Ich war ganz allein in diesem Raum. Dankbarkeit war in mir, diese Schönheit schauen zu dürfen, aber ich war auch dankbar, dass ich hier angekommen war, ich wurde ganz ruhig. Im Klosterladen bekam ich den Schlüssel für mein Zimmer. Als ich der jungen Frau erzählte, dass ich aus Loccum käme, lächelte sie freundlich. Die für die Gäste zuständige Mitarbeiterin würde mich später begrüßen. Ich wohne im alten Konventsgebäude, von dem nur noch wenige Mauerpartien und Mauerstücke aus verschiedenen Epochen erhalten sind. Das Gebäude erinnert in seiner schlichten Stahl-Glas-Bauweise an den Bauhaus -Stil. Entsprechend ist auch mein Zimmer gestaltet. Es ist die teuerste Übernachtung auf meiner Pilger-Tour. Wenn ich aus dem Fenster schaue, schaue ich auf einen viereckigen See. An dieser Stelle war früher der Kreuzgang. Da wo einst das Kirchenschiff war, stehen kleine Platanen.

 

An Brigitte schicke ich eine SMS "Bin da, aber noch nicht angekommen".

 

Und dann bin ich im Christus-Pavillon! Hier sind moderne Architektur und moderne Kunst in einer genialen Stahl-Glas-Konstruktion zusammen gekommen.

 

1996 ging eine Anfrage von Volkenroda an die Landeskirche Hannover um Unterstützung für den Wiederaufbau der Klosterkirche. "Diese Anfrage traf mitten in die Diskussionen des Jahres 1996, wie der Beitrag der christlichen Kirchen auf der Weltausstellung EXPO in Hannover aussehen könnte. Es hat sich daraus der ungewöhnliche Plan entwickelt, einen Kirchenbau für Volkenroda zuerst als christlichen Pavillon auf der EXPO 2000 zu errichten, um ihn anschließend nach Volkenroda zu transferieren und dort dauerhaft nachzunutzen." (Volkenroda - Christus-Pavillon, Schnell Kunstführer S. 4)

 

Am Abend, nach dem gemeinsamen Essen aller Gäste, gehe ich noch auf die Suche nach dem auf einer Wiese gelegenen Gegenstück zum Pilgermal "Anfang und Ende" in Loccum.

 

Da es am Wochenende keine Stundengebete gibt, ich aber den Christus-Pavillon als Gottesdienstraum erleben möchte, verschiebe ich meine Abreise am Sonntag um eine Stunde. Dieser Gottesdienst und das Schauen der Schönheit der gesamten Anlage, die einen Spannungsbogen zwischen alt und neu, Verfall und Aufbau, Vergangenheit und Zukunft hat, lassen mich glücklich Abschied nehmen.

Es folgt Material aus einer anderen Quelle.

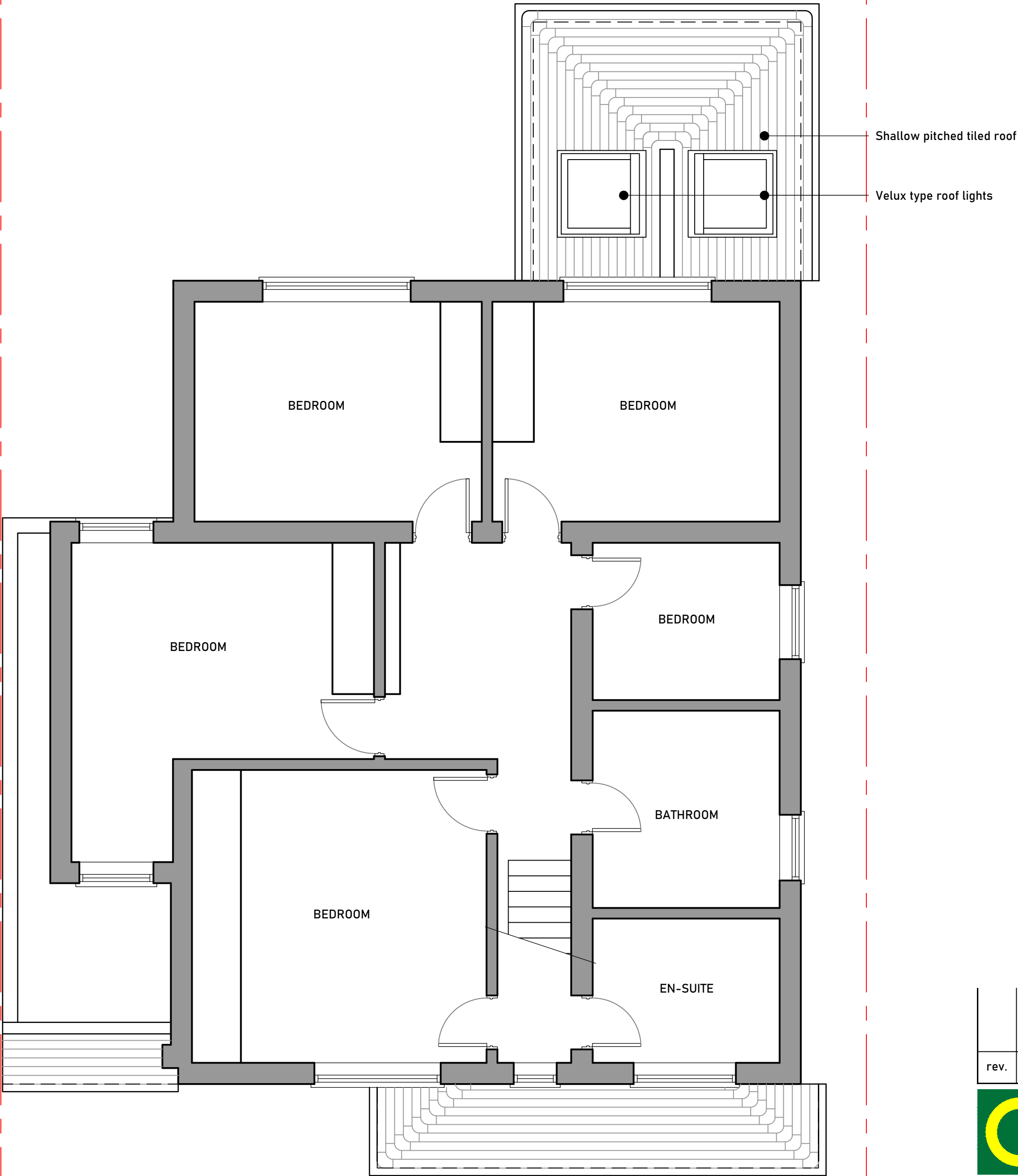
PROPOSED FIRST FLOOR PLAN scale 1:50

Es tut ein bisschen weh, dass da niemand ist, von dem ich mich verabschieden kann. Deshalb ist es um so wichtiger zu wissen, dass ich um 18 Uhr meine Freundinnen und Freude in meiner Wohnung in Kettwig begrüßen und umarmen werde.

 

Eine Stunde vor meinen Gästen bin ich zu Hause. Der Rucksack bleibt unausgepackt, den Tisch ziehe ich aus, decke ein, hole Getränke und weiß aus zwei Nachrichten auf meinem Anrufbeantworter, dass meine Gäste sich ebenso freuen auf unser Wiedersehen wie ich. Sie kamen mit Schüsseln und Körben und vielen guten Dingen, die wir gemeinsam gegessen haben. Neun Menschen saßen um meinen Tisch und mussten es sich gefallen lassen, dass ich die meiste Zeit redete. Ich hatte gute ZuhörerInnen Eine winzige Geschichte möchte ich hier wiedergeben. Auf der Etappe von Dransfeld nach Friedland sah ich doch in Mariengarten den Bus mit dem Ziel "Friedland" Ein Freund von mir : "Da kam die böse Versuchung" - Nein, und im Text heißt es auch so "Das war ein freundlicher Hinweis von oben!"

 

Enden möchte ich noch einmal mit Jens Gundlach, der in seiner Einleitung sagt und mir damit aus dem Herzen spricht: "Am Anfang steht der Entschluss zum Aufbruch. Der Weg mit seinen Stationen und seinem Ziel weist über sich hinaus. In den Rhythmus der Schritte gesellt sich die Hoffnung auf Ankunft. Ein Pilgerweg kann zum Abbild des Lebens werden. In ihm spiegeln sich die Fragen nach dem Woher und Wohin sowie die fortwährende Sehnsucht nach Geborgenheit und Sinn."